Le témoignage de mystiques chrétiens et non chrétiens, et même de plusieurs survivants d’expérience de morts imminentes (EMI) nous apprend que les abondantes données scripturaires illustrant la présence de Dieu sous la forme de feu ou de lumière ne doivent pas s’entendre de manière strictement analogique. C’est effectivement sous ces deux formes que Dieu se laisse le plus souvent percevoir par les sens spirituels : un feu d’amour qui ne brûle pas, mais transforme le mystique en ce même brasier d’amour, éliminant peu à peu les scories, comme l’or que l’on purifie dans le brasier. Ou alors une lumière d’une blancheur éclatante et douce, non localisable, toute différente des lueurs de la Terre, dont la perception n’est possible, une fois de plus, que sous un mode participatif à la transcendance même de Dieu. Ces témoignages, dont l’authenticité se vérifie en partie par la croissance spirituelle et l’avancement en sainteté de leurs voyants, attestent de la capacité de Dieu à investir réellement le monde matériel, non en l’éliminant, mais en le transfigurant (290-306).

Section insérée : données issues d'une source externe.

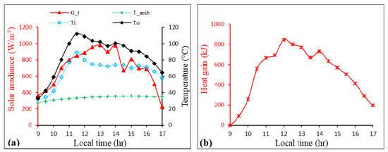 Experimental results of CPC collector with CT receiver: (a) solar irradiance and temperatures and (b) heat gain for N-S installation recorded on 26th Apr 2019.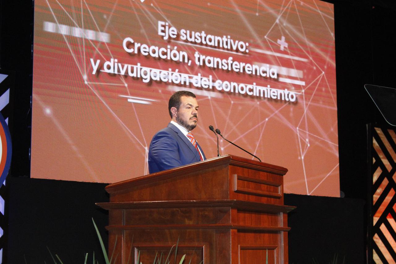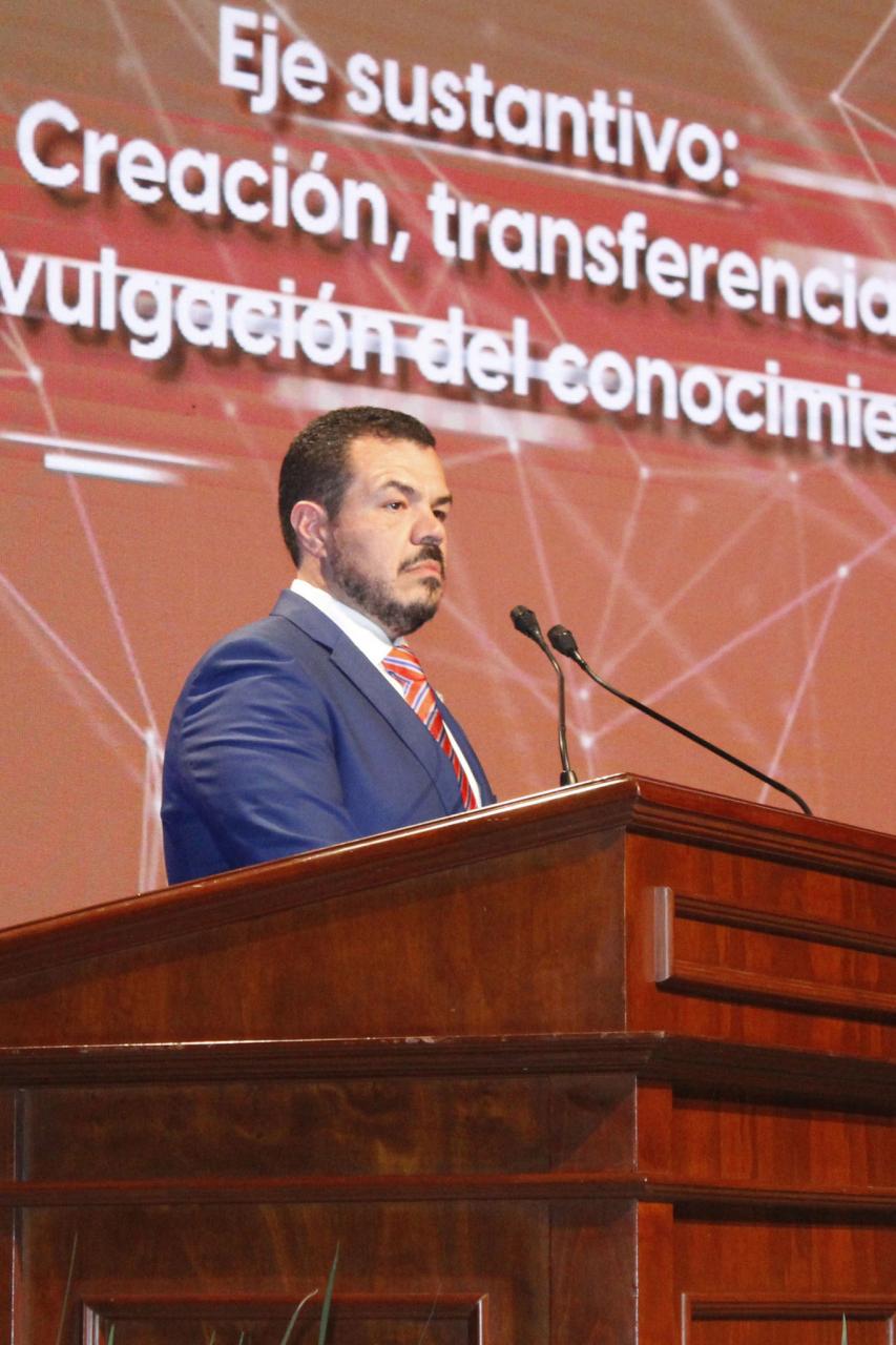 El Rector Guillermo Mendoza Cavazos detalló los ejes sustantivos en materia de formación integral del estudiante; docencia e innovación académica; creación, transferencia y divulgación del conocimiento, y trascendencia social a través de la gobernanza, frugalidad y transparencia.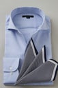 イタリアンカラーと広角なワイドカラーを掛け合わせたスタイリッシュなノーネクタイ専用の衿型です。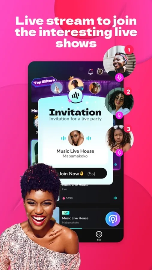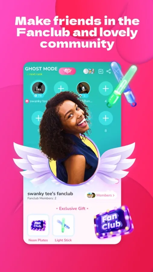 Audio live chats with friends no matter where they are, broadcast your favourite music inside the room, and join fanclubs of your favourite creators. Let's get the party started.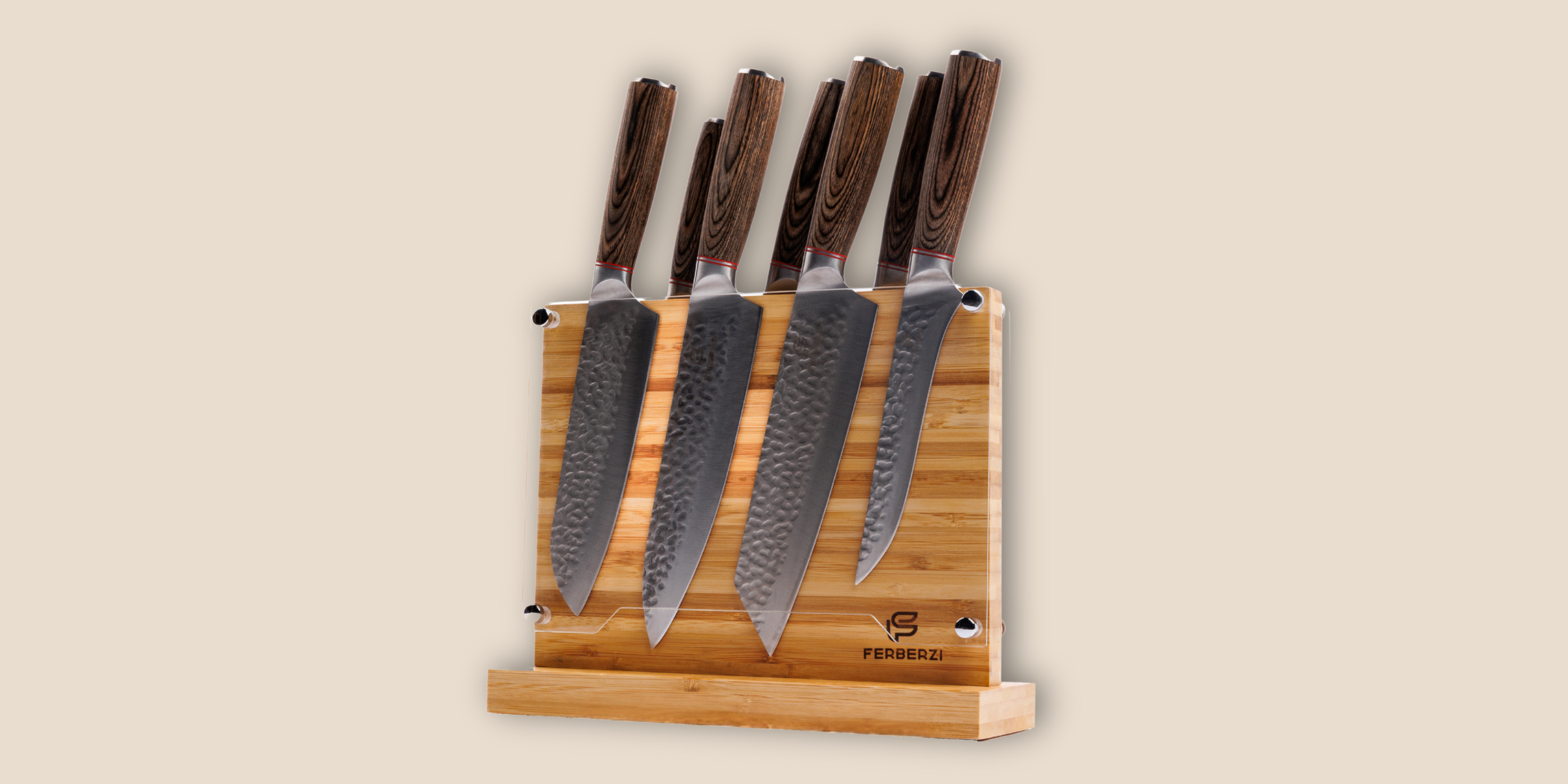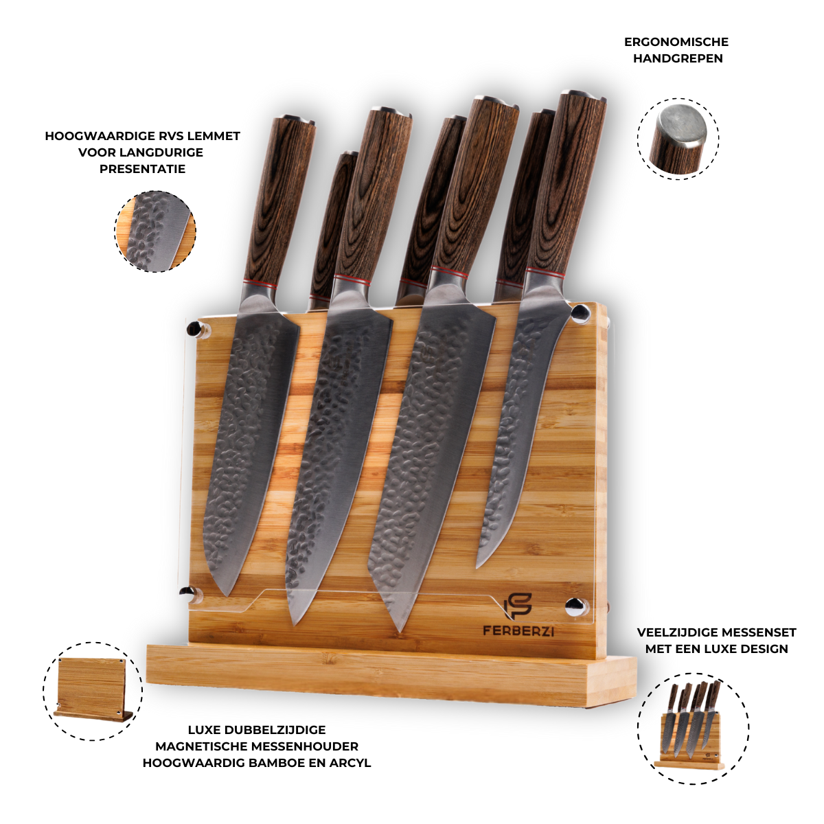 - Dubbelzijdige bamboe/acryl messenhouder – luxe & stabiel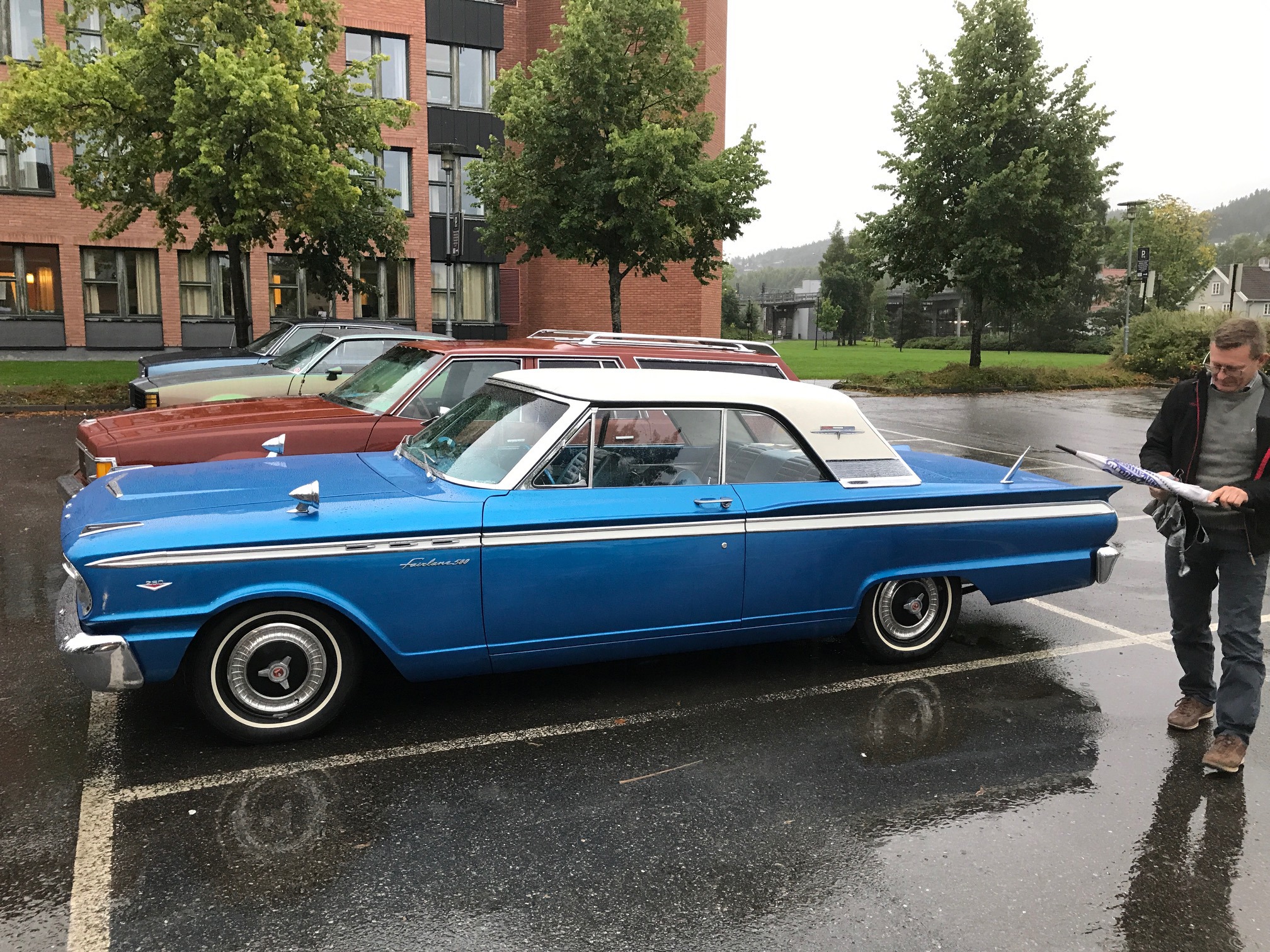 13 biler trosset uværet og møtte opp til cruising i Lillestrøm. Det var til og med kø i kiosken... Tusen takk til alle som møtte opp! Foto: Frode Søberg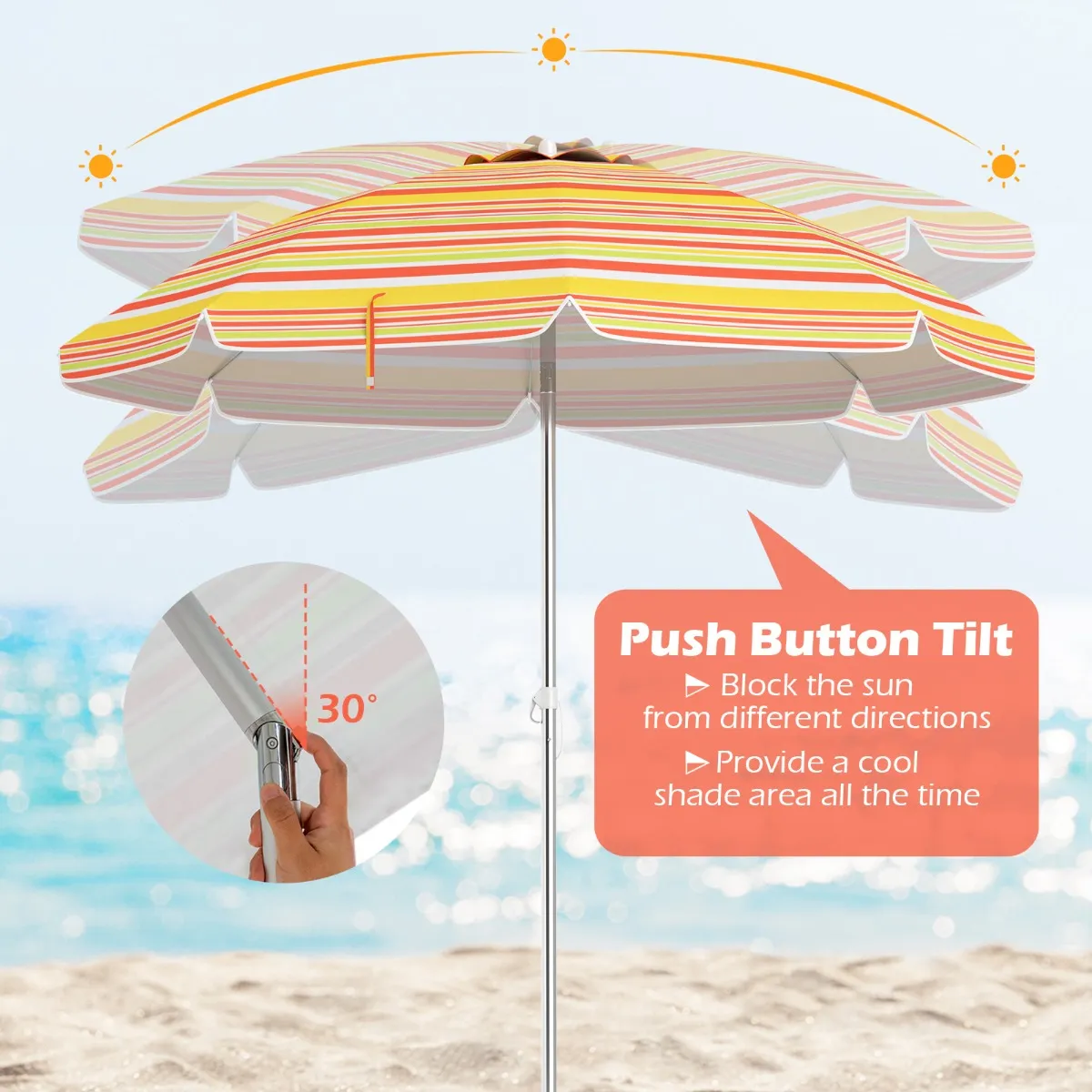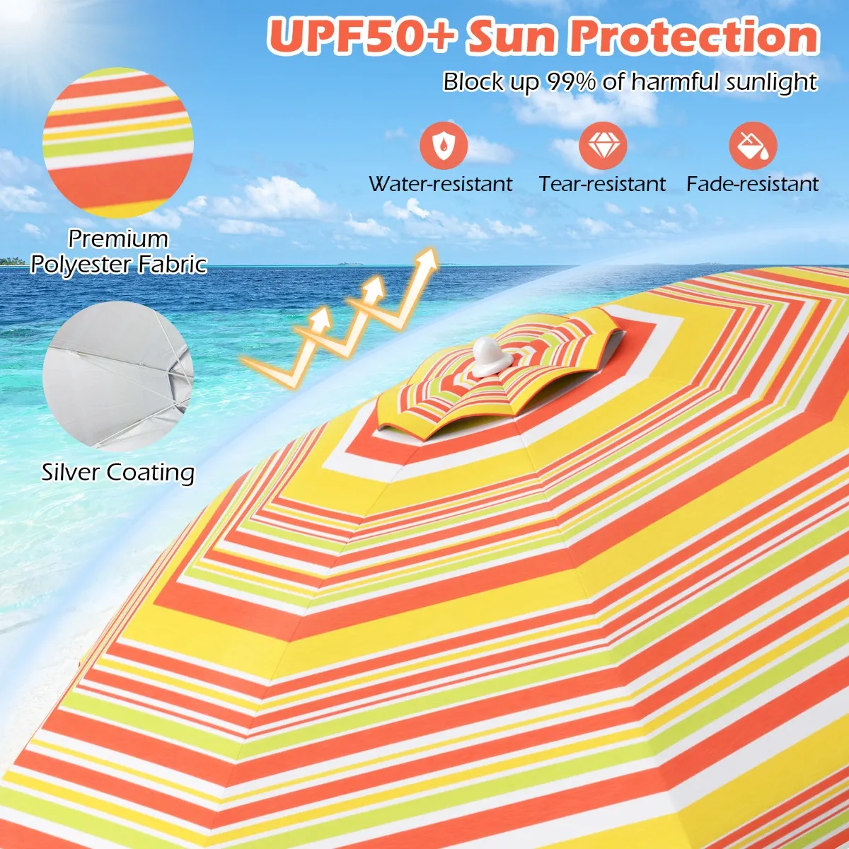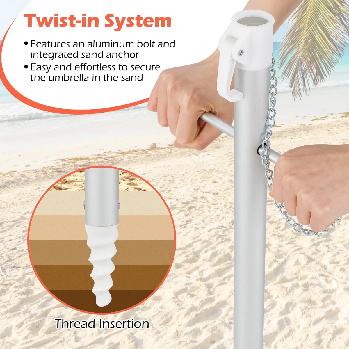 Stabiele bevestiging – Met een ingebouwd zandanker en een aluminium draaimechanisme plaats je de parasol moeiteloos in het zand, waardoor hij stevig blijft staan. Â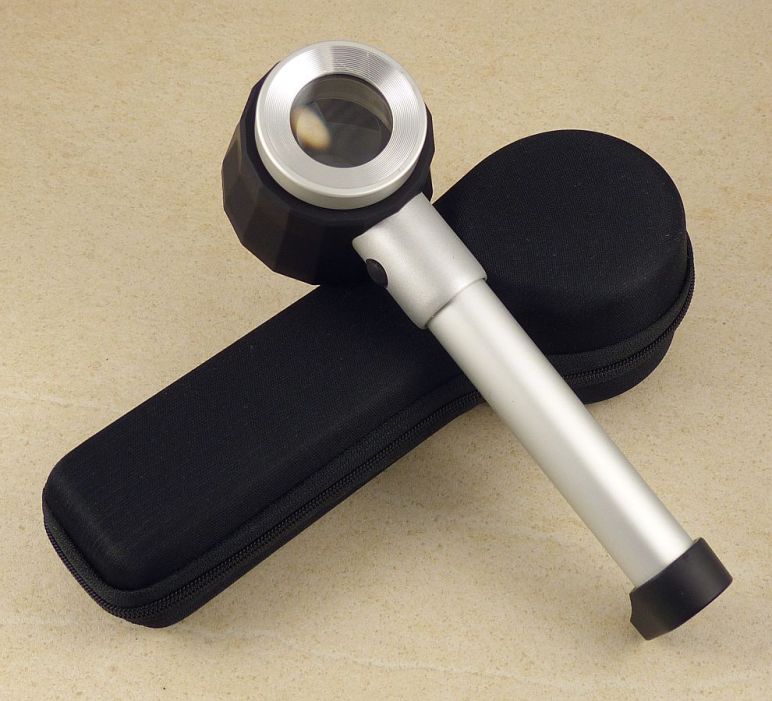 The magnifier comes in a padded, fitted zipper case as shown, and I’ll throw in the batteries — good ones — so you can get started as soon as you receive it.

2.3.3 La transfiguration comme clé du mystère christique

Suite à la réflexion théologique pour établir la pleine divinité et la pleine humanité du Christ appuyé par l’expérience des Pères du désert qui se sont laissé atteindre par le divin jusque dans leur propre chair, l’événement de la transfiguration est apparu non seulement comme prémisses de la Résurrection du Christ, mais aussi comme signe de notre gloire à venir. À partir du Ve siècle, fresques, mosaïques et fêtes se multiplient peu à peu pour

souligner cette conviction (311). Jean Damascène (676-749†), grand théologien de la transfiguration au XIIIe siècle, en parle en ces termes :

« Aujourd’hui a été vu ce qui est invisible aux yeux humains : un corps terrestre, rayonnant de splendeur divine, un corps mortel, versant la gloire de la divinité. Car le Verbe s’est fait chair et la chair Verbe, bien que celui-ci ne soit pas sorti de la nature divine. Ô miracle surpassant toute intelligence! Car la gloire n’est pas venue vers le corps du dehors, mais de l’intérieur, de la divinité supradivine du Verbe de Dieu, unie au corps selon l’hypostase, de manière ineffable. Comment les immiscibles sont-ils mélangés et demeurent-ils sans confusion? Comment les incompatibles concourent-ils en un seul, et ne sortent-ils pas des conditions propres de leur nature? C’est là l’action de l’union selon l’hypostase… les choses humaines deviennent celles de Dieu, et les divines celles de l’homme, par le mode de la communication mutuelle, et de l’interpénétration sans confusion de l’une dans l’autre, et de l’union extrême selon l’hypostase. Car il est un seul, celui qui est Dieu éternellement, et qui, plus tard, est devenu homme. »52

L’humanité du Christ qui jouit depuis sa création de l’influx divin par une forme de compénétration, en laisse jaillir extérieurement la gloire, à travers toute sa corporalité, à l’occasion de sa transfiguration. Mais comme le dit Damascène, elle demeure telle qu’elle a toujours été; ce sont les yeux des apôtres qui sortent de leur aveuglement et s’ouvrent à la réalité de ce qui est. Il est admis par plusieurs que si Jean l’évangéliste ne parle pas de la transfiguration dans son récit, c’est qu’il considère la gloire finale de la résurrection présente tout au long de son existence, depuis sa conception même. La croix étant pour lui l’expression par excellence de cette Vie d’amour (312-20).